I will not pretend to be an expert on how we as a community deal with emotional abuse or promote healthier and more responsible behaviors. Others who have studied more than I have taken it upon themselves. But I can share my story, and some of the things I’ve learned to help myself move forward safely.

When I fell under the spell of someone skilled in the dark arts of therapy, it shook my self-esteem to the core — it took over my life like a menacing, dark shadow, clouded my ability to trust myself or my perception of reality, and sent me into spiraling panic attacks for years. Even after that person was gone.

It’s hard to write so candidly knowing they might be reading this – read this and feel a kind of sweet, perverted victory for getting me so off balance. But for me, the victory is knowing I can’t be controlled anymore. It took a lot of therapy to undo the web of lies and breathe free again, but the good thing is, once you know what bulls**t smells like, it’s easier to sniff it out in the future.

So, here’s some tea that I wish someone had told me, tea that might have made me wise sooner.

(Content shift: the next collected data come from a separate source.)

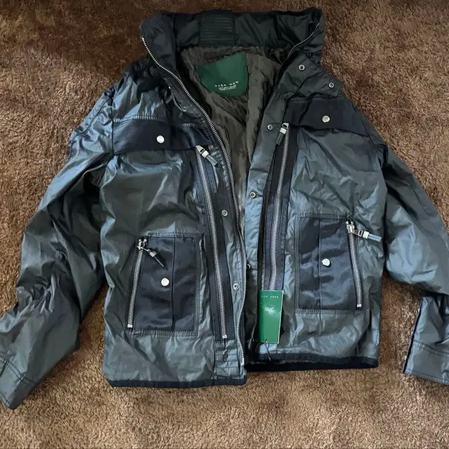 다크 그레이 색상의 ZARA MAN 밀리터리 자켓, 프론트 포켓과 지퍼 개폐. 택 포함. - 브랜드: ZARA MAN - 색상: 다크 그레이 - 스타일: 밀리터리 자켓 - 사이즈: M - 특징: 프론트 포켓 부착, 지퍼 개폐 - 소재: 나일론 방문해 주셔서 감사합니다.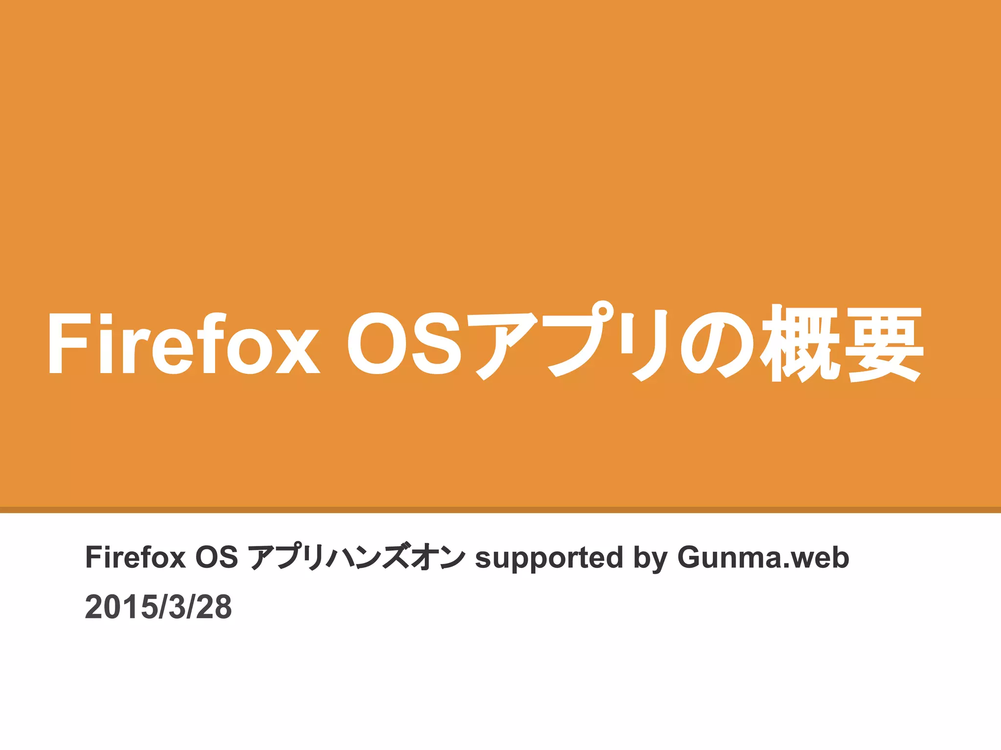 Firefox OSアプリの概要@gunma.web 2015/3/28 https://gunmaweb.doorkeeper.jp/events/21025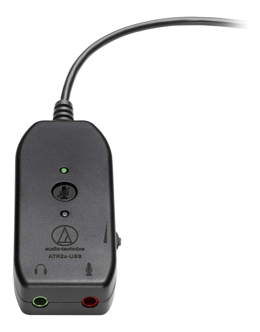 Turn any pair of headphones or mono microphone with a 3.5 mm (1/8″) plug into a USB-compatible device. The ATR2x-USB audio adapter is equipped with 3.5 mm (1/8″) microphone and headphone inputs and a USB-C output, plus a mute button and volume control. A USB-C to USB-A adapter is also included for greater compatibility. The ATR2x-USB provides plug-in power for microphones that require it.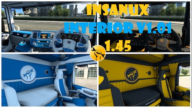 Features – Blue/White Scania Interior – Yellow/Black Scania Interior – Steering Wheels – UK Changelog v1.01 – Update for 1.45x Credits: Insanux Credits: InsaneCallum |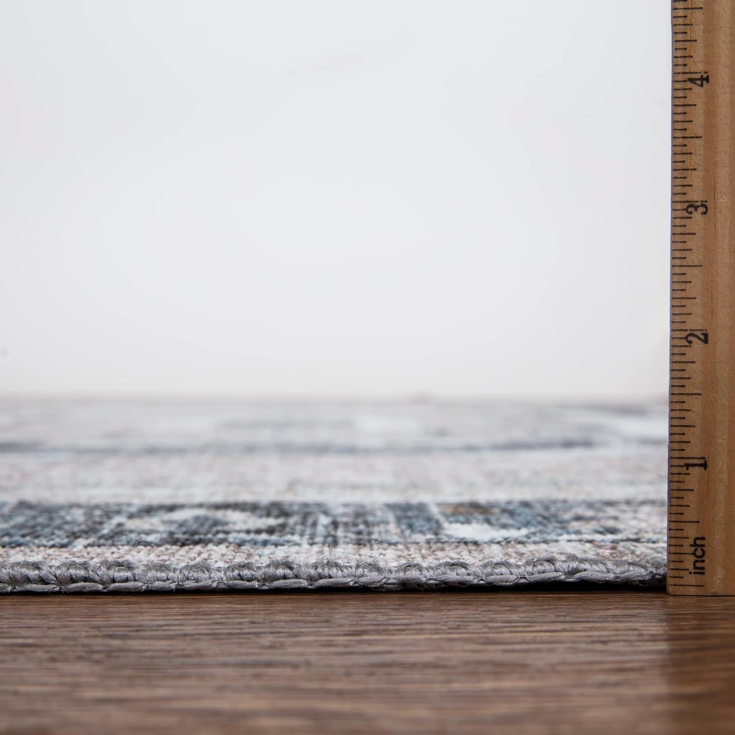 Bloom Rugs Washable Non-Slip 4' x 6' Rug - Pebble Gray/Blue Traditional Medallion Area Rug for Living Room, Bedroom, Dining Room, and Kitchen - Exact Size: 4' x 6'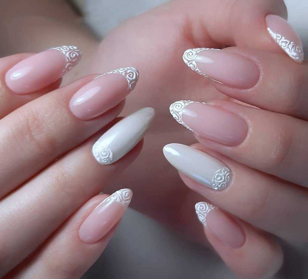 Белый маникюр с розовым – это классика. Именно такое сочетание цветов чаще всего выбираю невесты, а также девушки ля создания повседневного образа.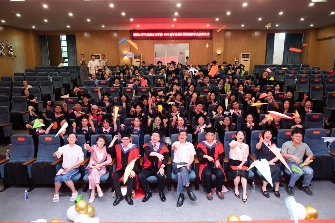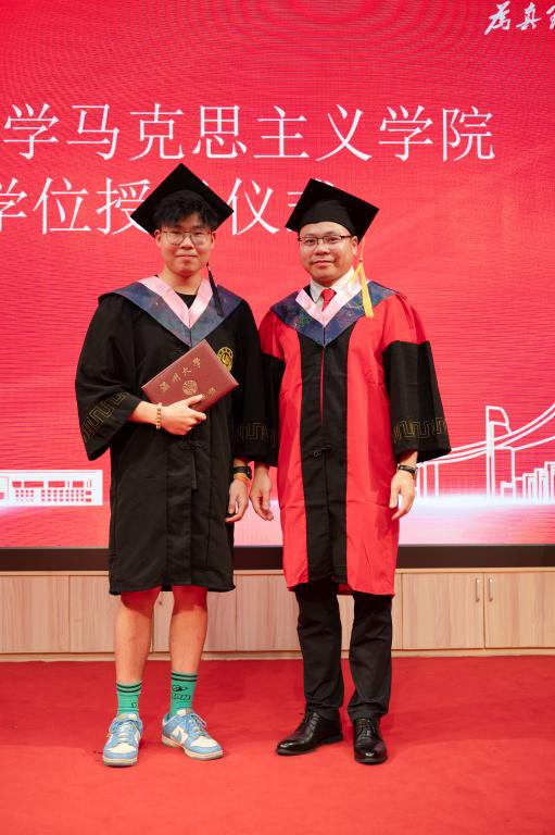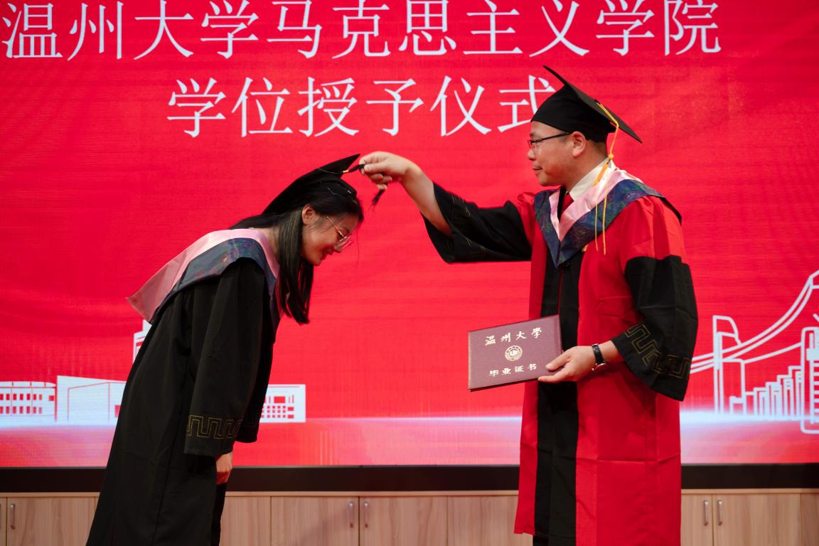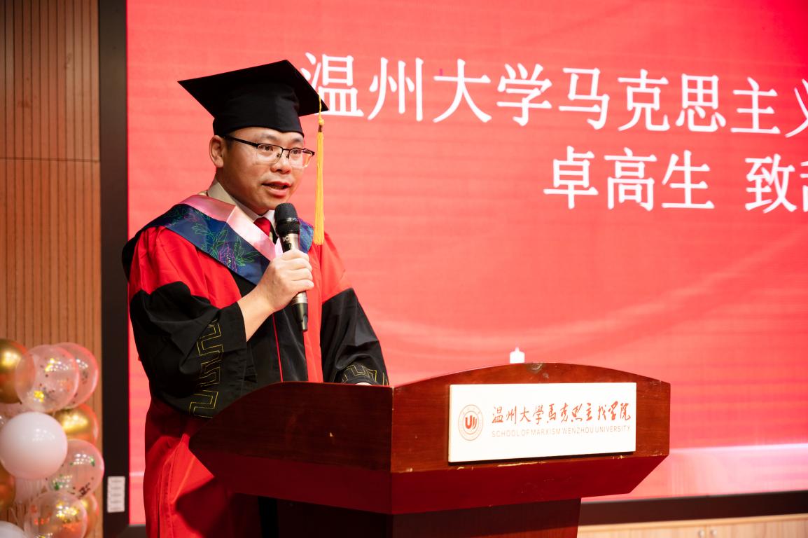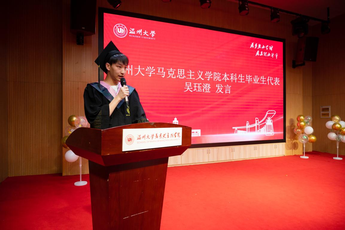 2023届研究生毕业生代表陈俪语、本科生毕业代表吴珏澄讲述了自己在马院的成长经历,表达了对学校、学院和老师们的感激之情,未来他们无论身处何方,都将带着马院永远的精神印记,坚持初心、坚守使命,将社会责任与个人志趣相结合,找到属于自己的人生意义。无愧于马院的培养,无愧于温大的期盼。

Some people like to play mind games with others – and they can be very good at it. If things don’t add up, listen to your gut. Don’t just brush away patterns of inconsistency or contradiction. When highly loaded, therapeutic words like “borders” are thrown around, it’s okay to question whether such terminology is being used correctly and relevantly.

Finally, in the words of poet and civil rights activist Maya Angelou, “When people show you who they are, believe them… the first time.”